Source data –

--

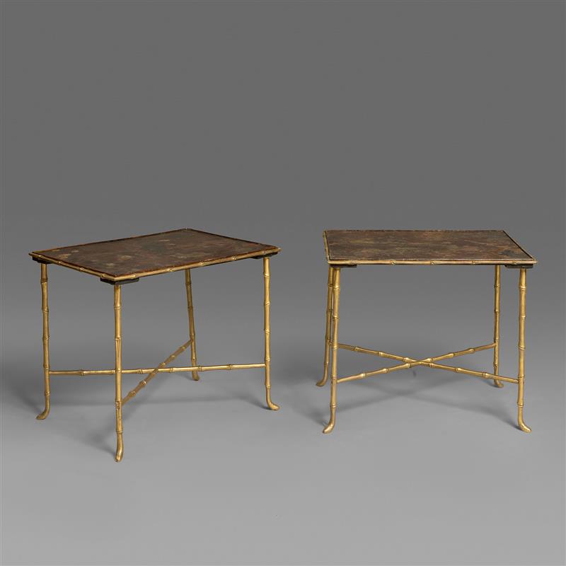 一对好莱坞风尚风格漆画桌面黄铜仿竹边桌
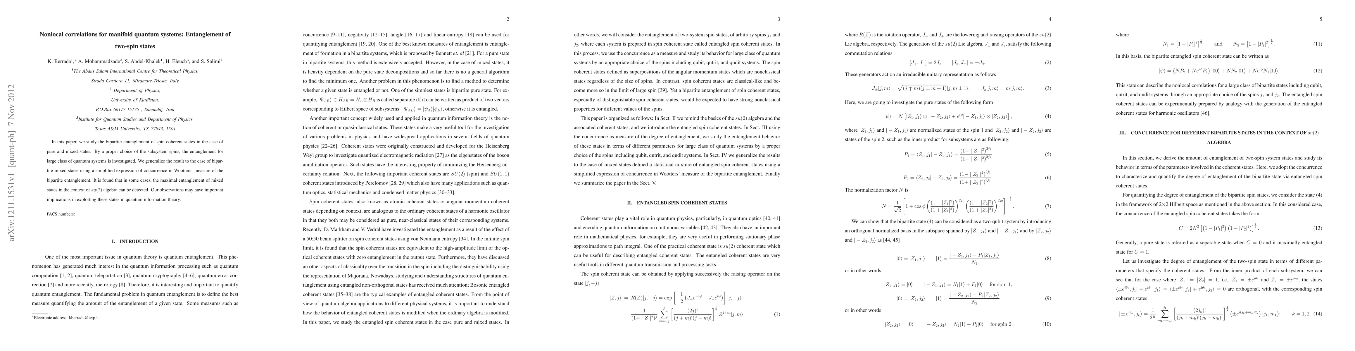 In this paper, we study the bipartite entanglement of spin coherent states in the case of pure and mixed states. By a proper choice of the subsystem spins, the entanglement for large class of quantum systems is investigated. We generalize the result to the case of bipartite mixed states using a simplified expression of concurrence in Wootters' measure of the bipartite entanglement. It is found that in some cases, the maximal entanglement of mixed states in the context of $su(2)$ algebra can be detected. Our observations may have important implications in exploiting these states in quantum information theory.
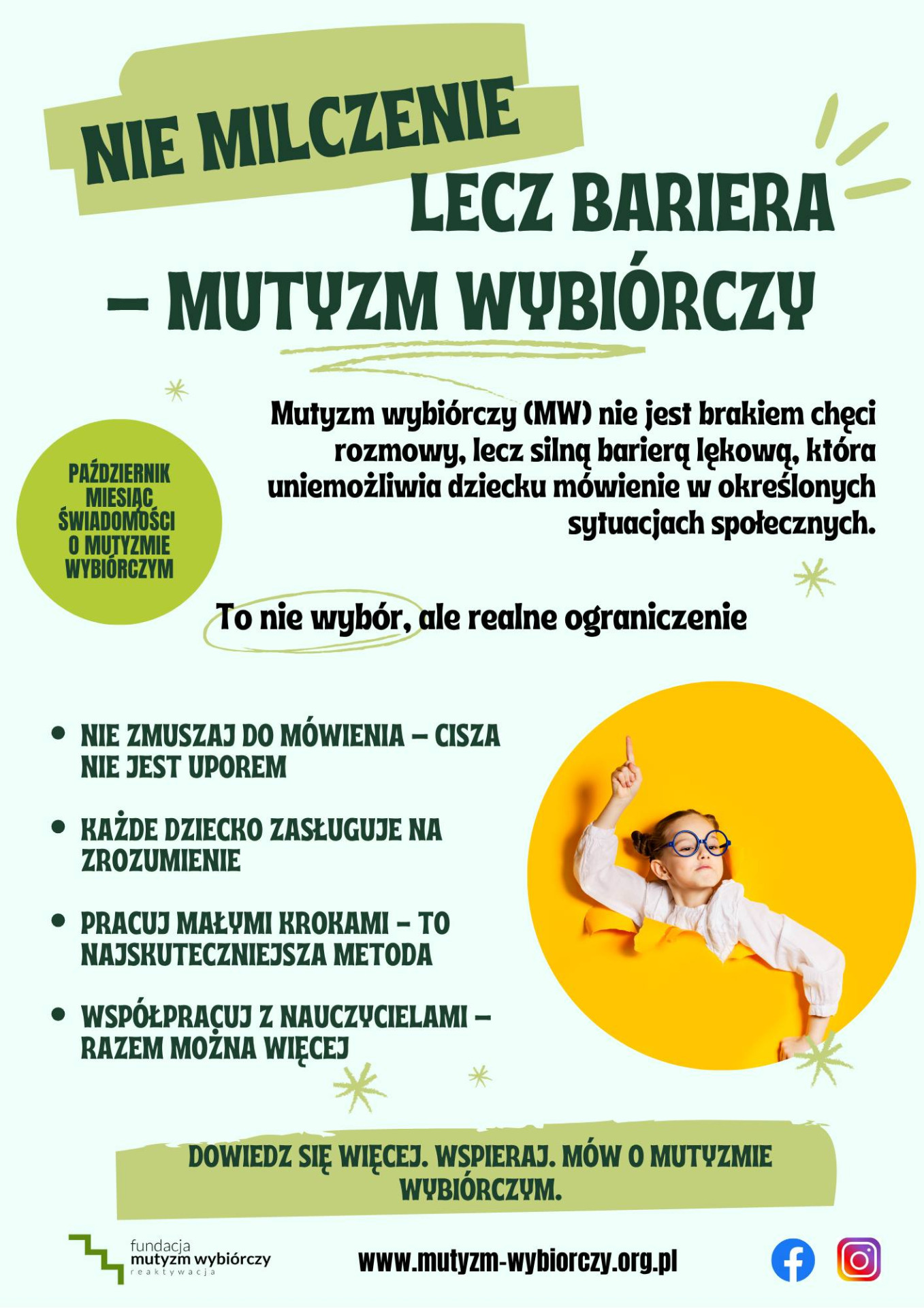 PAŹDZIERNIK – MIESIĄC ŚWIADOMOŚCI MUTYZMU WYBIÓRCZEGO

--

What this task involves – The full listing, reproduced exactly and without pictures, is the expected output.

Finished exercise –
 一对好莱坞风尚风格漆画桌面黄铜仿竹边桌
 In this paper, we study the bipartite entanglement of spin coherent states in the case of pure and mixed states. By a proper choice of the subsystem spins, the entanglement for large class of quantum systems is investigated. We generalize the result to the case of bipartite mixed states using a simplified expression of concurrence in Wootters' measure of the bipartite entanglement. It is found that in some cases, the maximal entanglement of mixed states in the context of $su(2)$ algebra can be detected. Our observations may have important implications in exploiting these states in quantum information theory.
 PAŹDZIERNIK – MIESIĄC ŚWIADOMOŚCI MUTYZMU WYBIÓRCZEGO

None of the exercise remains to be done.